> _Given information_:
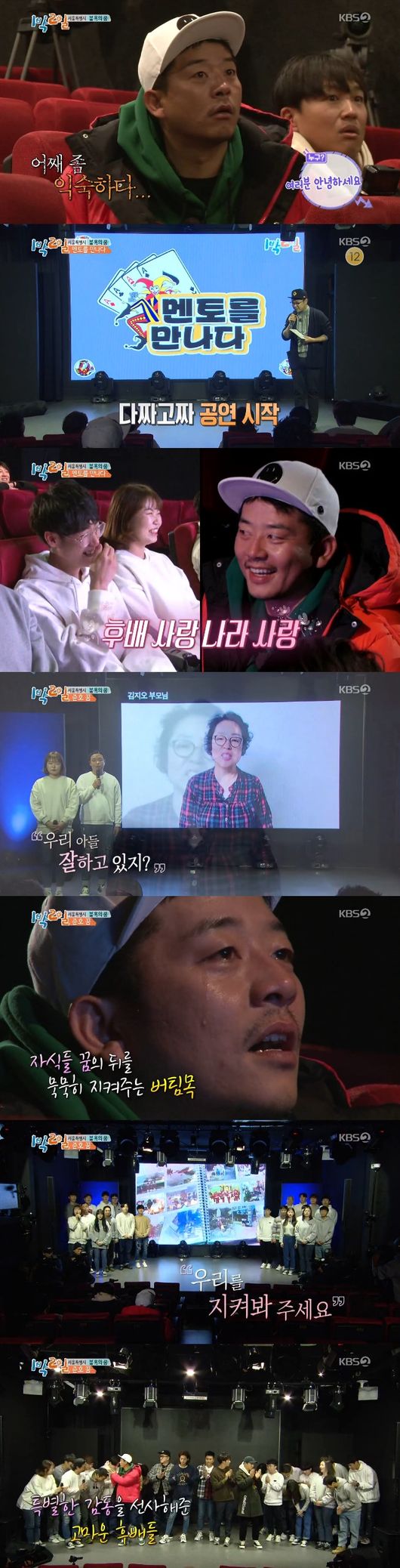 하지만 김준호의 꿈은 여기에서 끝나지 않았다. 안대를 끼고 다음 장소로 이동한 멤버들은 한 극장에 도착했다. 이곳은 김준호의 극장으로 후배 개그맨 연습생들이 김준호의 또 다른 꿈 ‘후배들과 한 무대에서 오래오래 행복하게 공연하는 것’을 이뤄주기 위해 뭉쳤다.
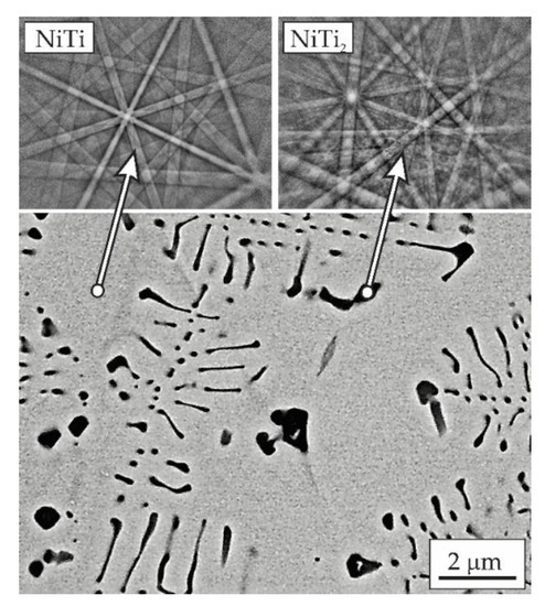 Microstructure of strand 3. SEM image. Two phases were observed. Strongly prevailing cubic NiTi (grey), cubic NiTi2 (dark, almost black). Kikuchi patterns of NiTi and NiTi2, obtained by the EBSD system, are presented on the top.
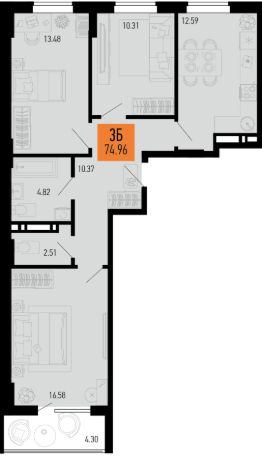 Продаётся 3-комнатная квартира в строящемся доме (Литер 11.2), срок сдачи: II-кв. 2028, общей площадью 72.81 кв.м., на 2 этаже.
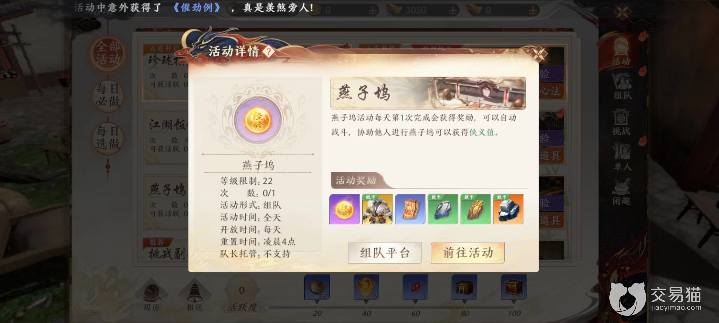 活动整体难度并不高,即使是最难打的挑战副本,只需要提前看下攻略,多和队员交沟通交流,失败几次也就能成功通关,其他日常活动则更是简单。大家熟悉的门派宵小、燕子坞、珍珑棋局等都以新形式呈现出来。而且需要时间大大缩短,如果能组上固定队伍,只需要一个小时左右就能将固定任务全部完成。
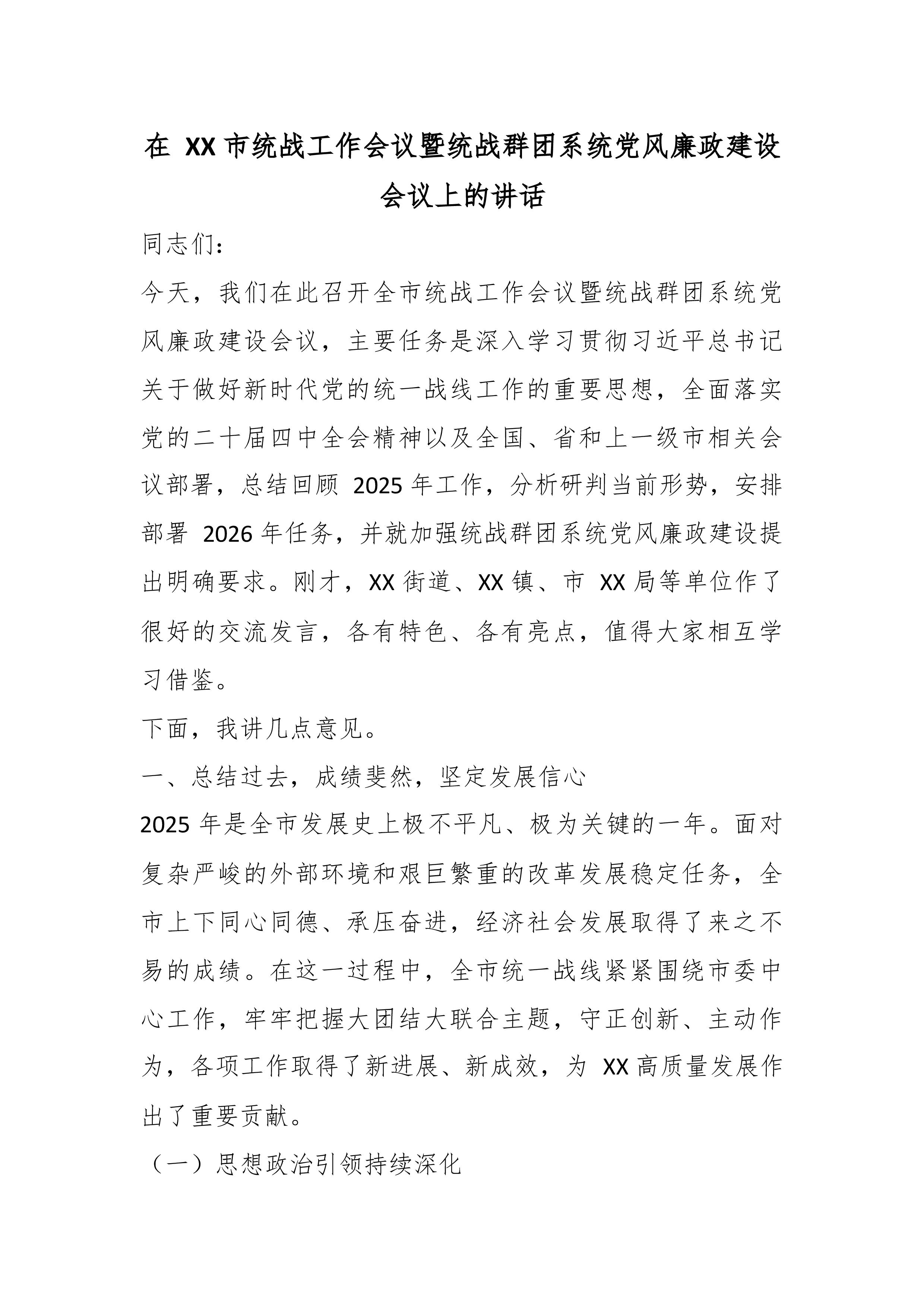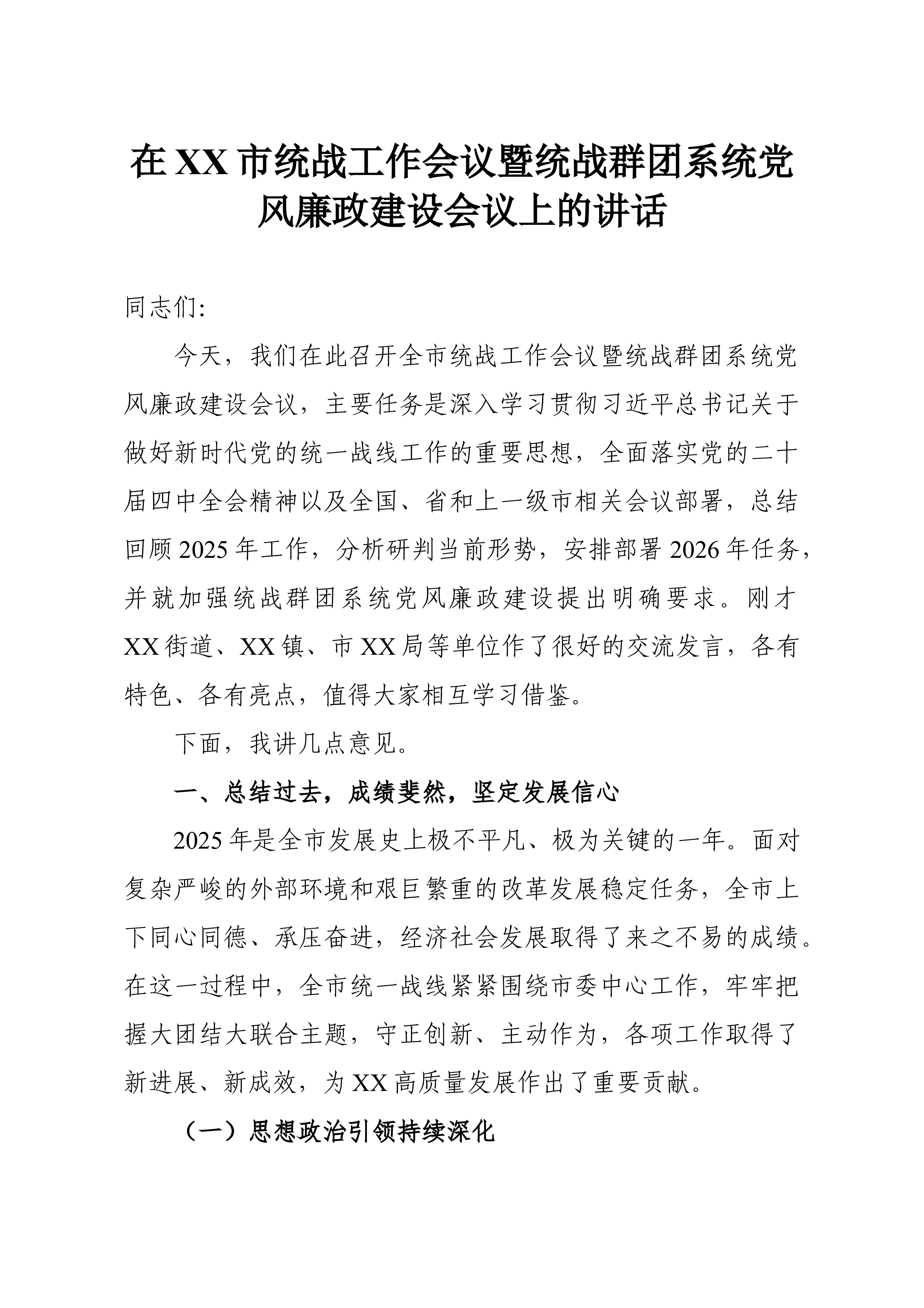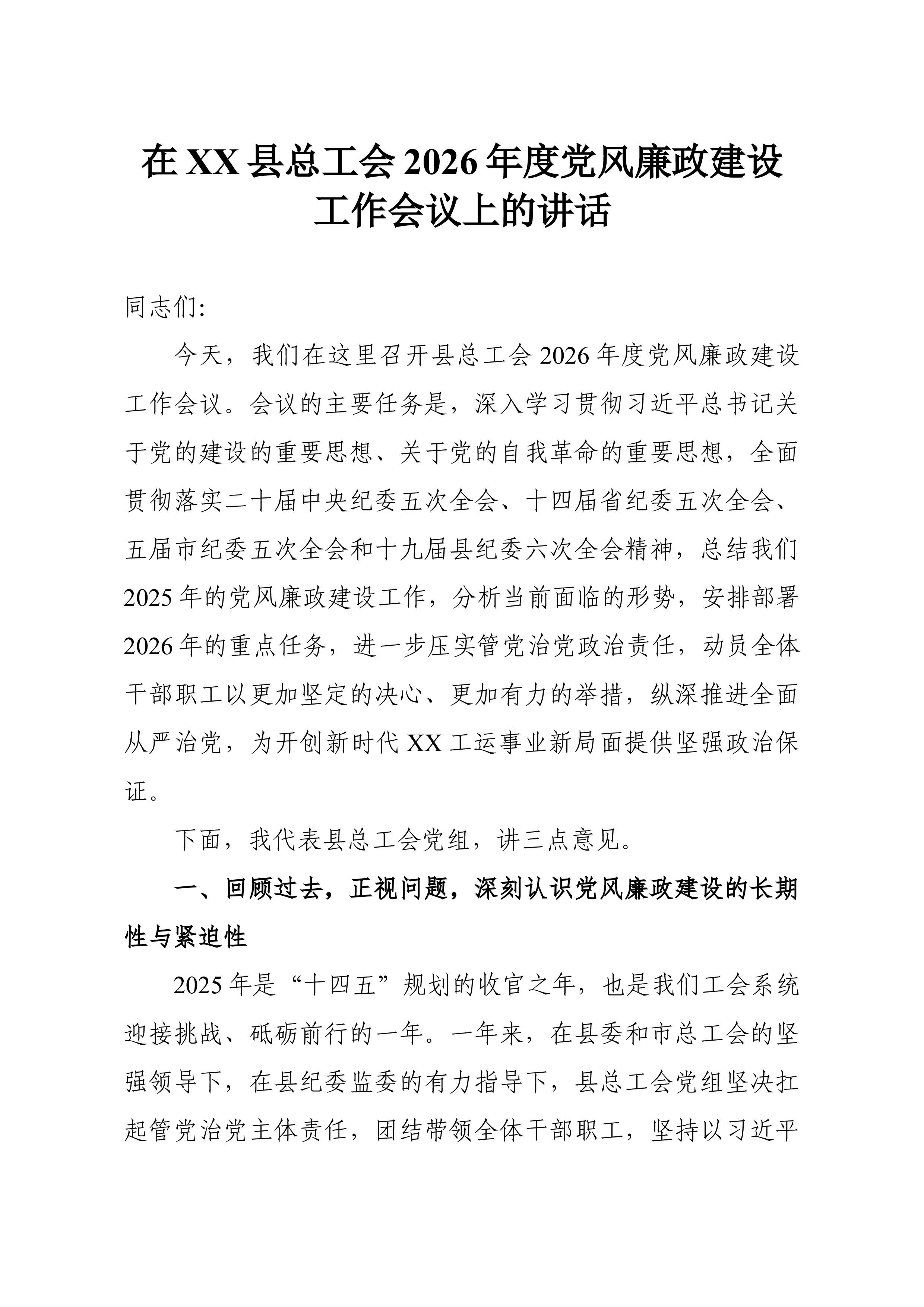 在2026年区机关事务服务中心全面从严治党暨党风廉政建设工作会议上的讲话同志们:今天,我们召开区机关事务服务中心全面从严治党暨党风廉政建设工作会议,主要任务是坚持以新时代中国特色社会主义思想为指导,深入学习贯彻党的二十大和二十届历次全会精神,全面传达落实区纪委十三届六次全会精神,总结回顾中心2025年全面从严治党和党风廉政建设工作,安排部署今年重点任务。今天,区纪委常委、区监委委员、区纪委监委派驻第六纪检监察组组长*同志专程到会指导,这充分体现了区纪委监委对机关事务工作的高度重视和对中心干部队伍的关心爱护。在此,我代表中心党组表示热烈欢迎和衷心感谢。中心全体人员要深刻领会会议精神,以高度的政治责任感和使命感,推动全面从严治党向纵深发展,为“十五五”开局起步筑牢政治保障和纪律屏障。刚刚过去的2...

> _About this exercise_:
The complete set of records should be written out again, pictures excluded.

> _Written reply_:
 하지만 김준호의 꿈은 여기에서 끝나지 않았다. 안대를 끼고 다음 장소로 이동한 멤버들은 한 극장에 도착했다. 이곳은 김준호의 극장으로 후배 개그맨 연습생들이 김준호의 또 다른 꿈 ‘후배들과 한 무대에서 오래오래 행복하게 공연하는 것’을 이뤄주기 위해 뭉쳤다.
 Microstructure of strand 3. SEM image. Two phases were observed. Strongly prevailing cubic NiTi (grey), cubic NiTi2 (dark, almost black). Kikuchi patterns of NiTi and NiTi2, obtained by the EBSD system, are presented on the top.
 Продаётся 3-комнатная квартира в строящемся доме (Литер 11.2), срок сдачи: II-кв. 2028, общей площадью 72.81 кв.м., на 2 этаже.
 活动整体难度并不高,即使是最难打的挑战副本,只需要提前看下攻略,多和队员交沟通交流,失败几次也就能成功通关,其他日常活动则更是简单。大家熟悉的门派宵小、燕子坞、珍珑棋局等都以新形式呈现出来。而且需要时间大大缩短,如果能组上固定队伍,只需要一个小时左右就能将固定任务全部完成。
 在2026年区机关事务服务中心全面从严治党暨党风廉政建设工作会议上的讲话同志们:今天,我们召开区机关事务服务中心全面从严治党暨党风廉政建设工作会议,主要任务是坚持以新时代中国特色社会主义思想为指导,深入学习贯彻党的二十大和二十届历次全会精神,全面传达落实区纪委十三届六次全会精神,总结回顾中心2025年全面从严治党和党风廉政建设工作,安排部署今年重点任务。今天,区纪委常委、区监委委员、区纪委监委派驻第六纪检监察组组长*同志专程到会指导,这充分体现了区纪委监委对机关事务工作的高度重视和对中心干部队伍的关心爱护。在此,我代表中心党组表示热烈欢迎和衷心感谢。中心全体人员要深刻领会会议精神,以高度的政治责任感和使命感,推动全面从严治党向纵深发展,为“十五五”开局起步筑牢政治保障和纪律屏障。刚刚过去的2...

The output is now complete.